AVAILABLE RECORDS:

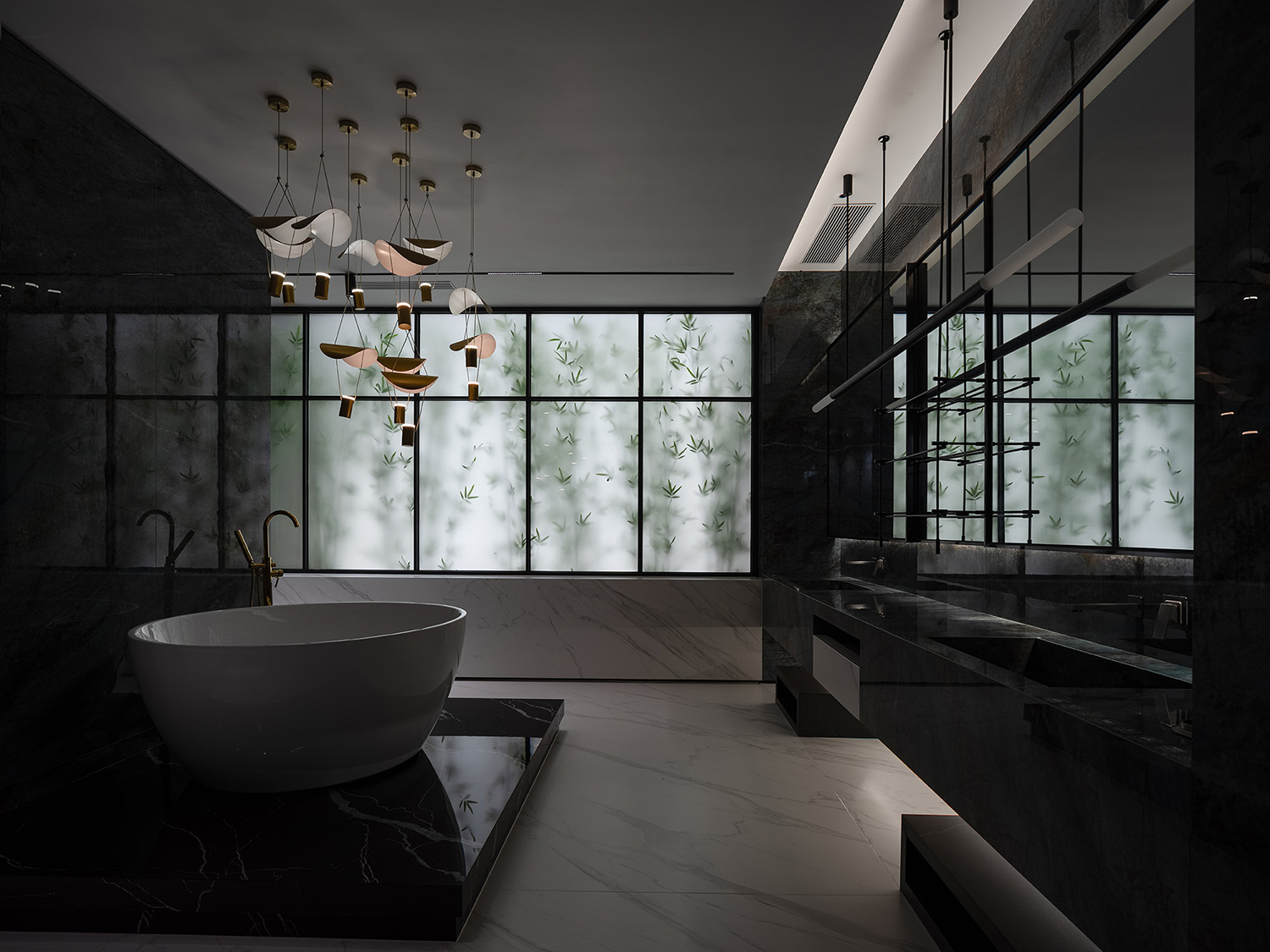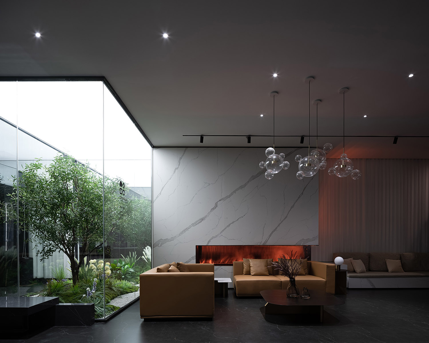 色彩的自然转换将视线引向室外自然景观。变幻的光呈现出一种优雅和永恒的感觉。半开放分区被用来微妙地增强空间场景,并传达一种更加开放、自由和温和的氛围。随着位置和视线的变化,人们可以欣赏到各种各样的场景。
---
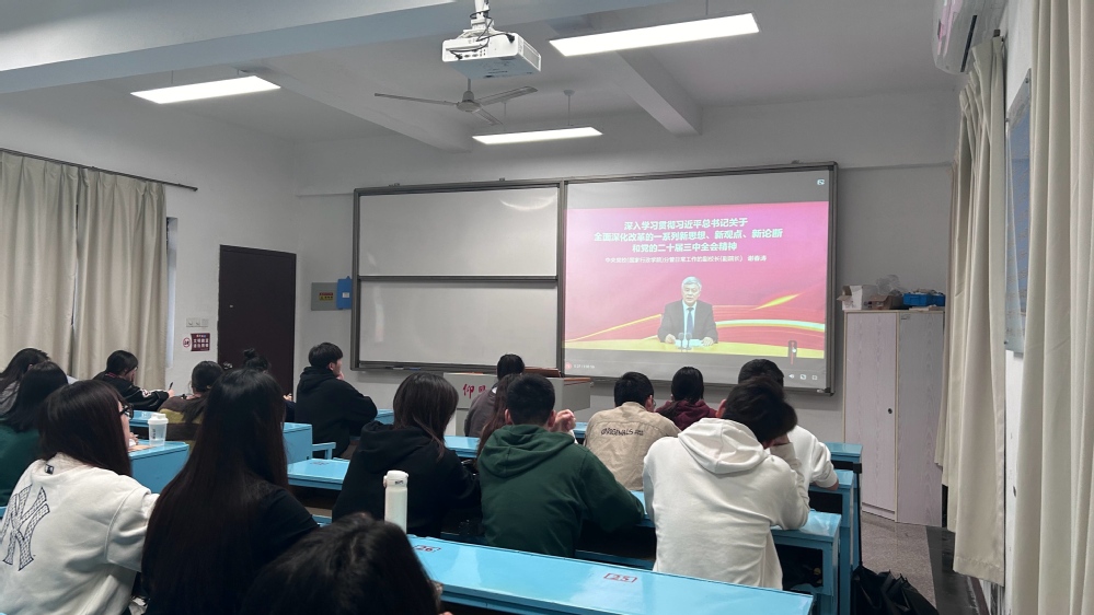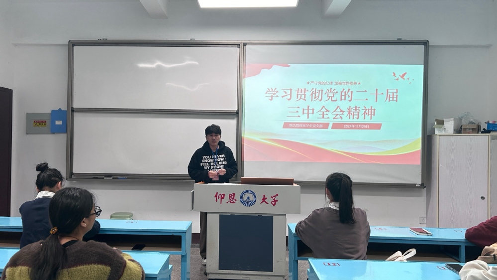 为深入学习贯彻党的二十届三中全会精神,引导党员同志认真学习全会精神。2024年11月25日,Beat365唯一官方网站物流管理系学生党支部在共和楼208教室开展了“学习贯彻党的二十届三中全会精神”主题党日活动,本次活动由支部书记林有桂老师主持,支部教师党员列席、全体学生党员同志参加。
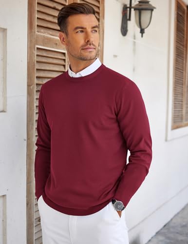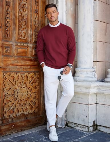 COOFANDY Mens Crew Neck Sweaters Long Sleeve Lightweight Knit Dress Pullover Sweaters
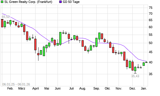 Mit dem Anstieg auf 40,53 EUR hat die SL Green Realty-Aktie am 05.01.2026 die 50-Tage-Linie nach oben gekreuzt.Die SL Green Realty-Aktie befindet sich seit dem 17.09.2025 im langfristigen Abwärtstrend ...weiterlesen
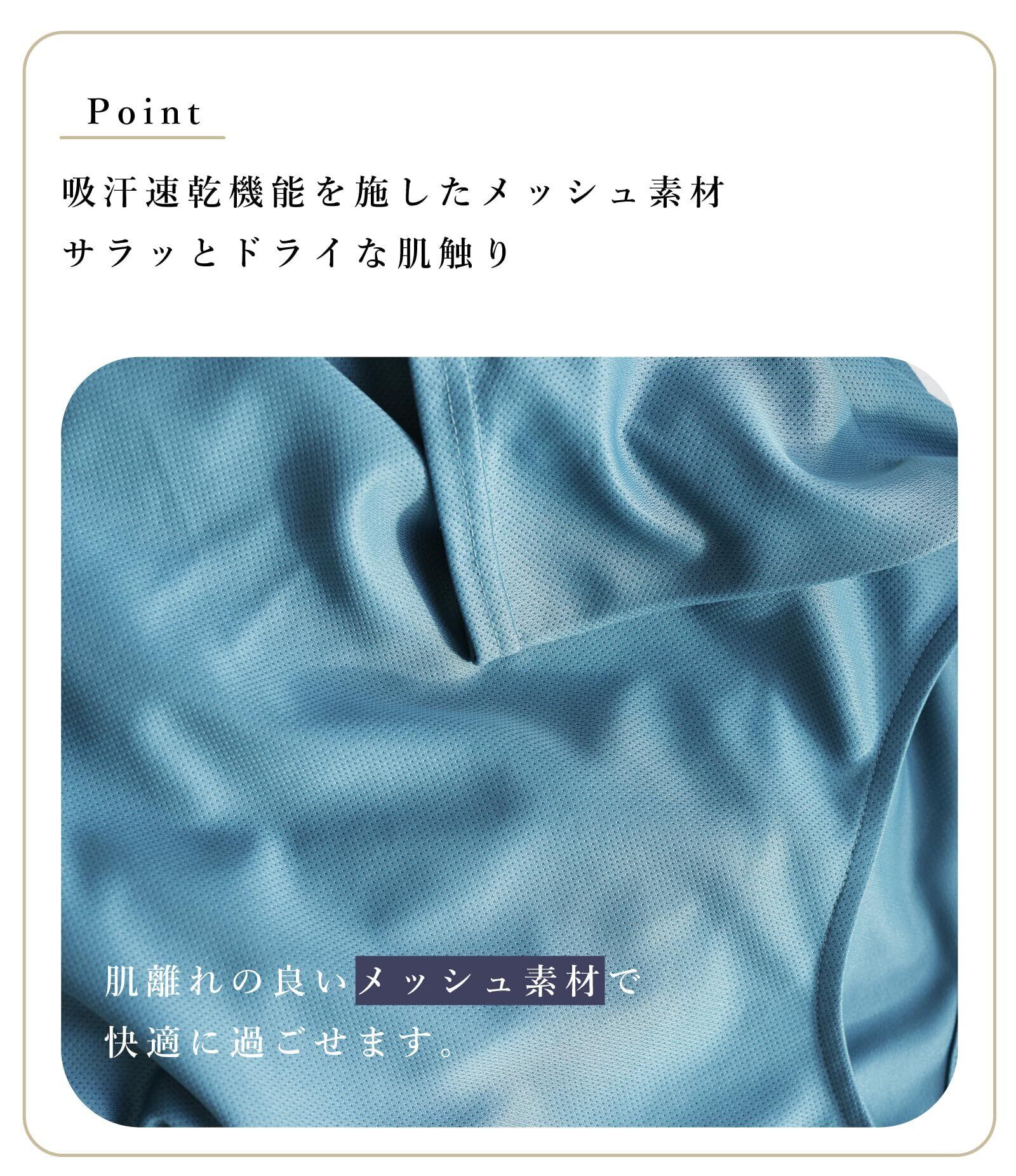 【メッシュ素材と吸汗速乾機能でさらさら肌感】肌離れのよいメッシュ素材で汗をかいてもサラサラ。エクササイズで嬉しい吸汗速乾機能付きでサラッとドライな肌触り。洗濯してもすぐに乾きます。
---
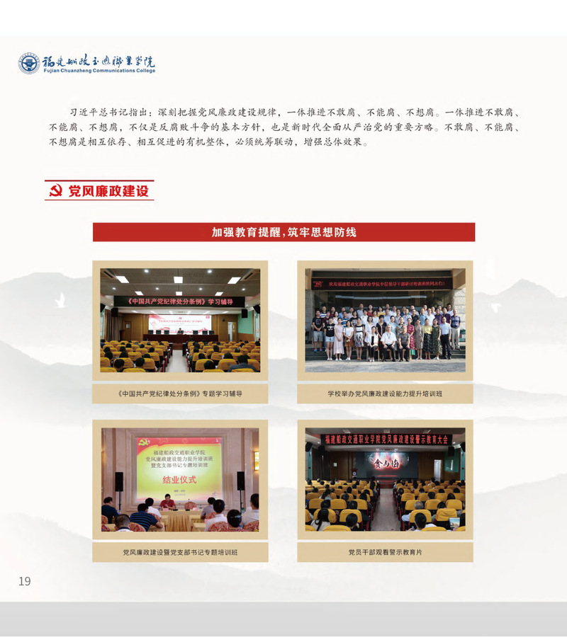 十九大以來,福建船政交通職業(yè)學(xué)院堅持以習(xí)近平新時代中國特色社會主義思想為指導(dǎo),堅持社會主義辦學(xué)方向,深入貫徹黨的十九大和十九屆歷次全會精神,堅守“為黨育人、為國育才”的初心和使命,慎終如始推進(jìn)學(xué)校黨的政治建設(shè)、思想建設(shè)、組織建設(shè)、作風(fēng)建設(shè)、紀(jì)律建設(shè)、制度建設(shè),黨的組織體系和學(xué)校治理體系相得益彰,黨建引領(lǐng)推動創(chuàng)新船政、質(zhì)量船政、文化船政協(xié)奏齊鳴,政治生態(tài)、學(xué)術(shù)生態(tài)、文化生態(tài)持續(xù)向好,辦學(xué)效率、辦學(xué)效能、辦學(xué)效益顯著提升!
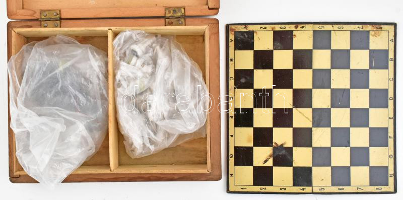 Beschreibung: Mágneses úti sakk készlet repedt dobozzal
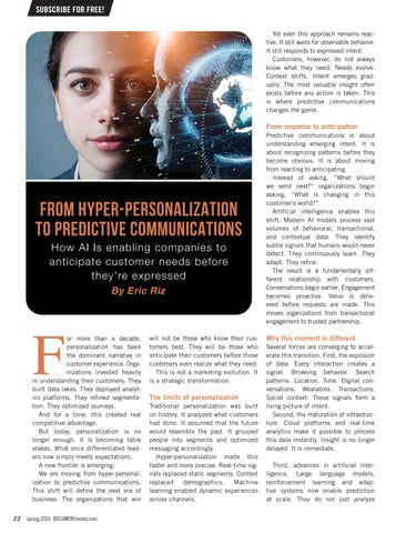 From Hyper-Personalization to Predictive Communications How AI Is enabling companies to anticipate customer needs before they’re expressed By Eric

PROBLEM TO SOLVE: Reproduce word for word, with pictures dropped, only the part of the material above that opens with the line containing "COOFANDY Mens Crew" and closes with the line containing "Mit dem Anstieg".

EXERCISE SOLUTION:
 COOFANDY Mens Crew Neck Sweaters Long Sleeve Lightweight Knit Dress Pullover Sweaters
 Mit dem Anstieg auf 40,53 EUR hat die SL Green Realty-Aktie am 05.01.2026 die 50-Tage-Linie nach oben gekreuzt.Die SL Green Realty-Aktie befindet sich seit dem 17.09.2025 im langfristigen Abwärtstrend ...weiterlesen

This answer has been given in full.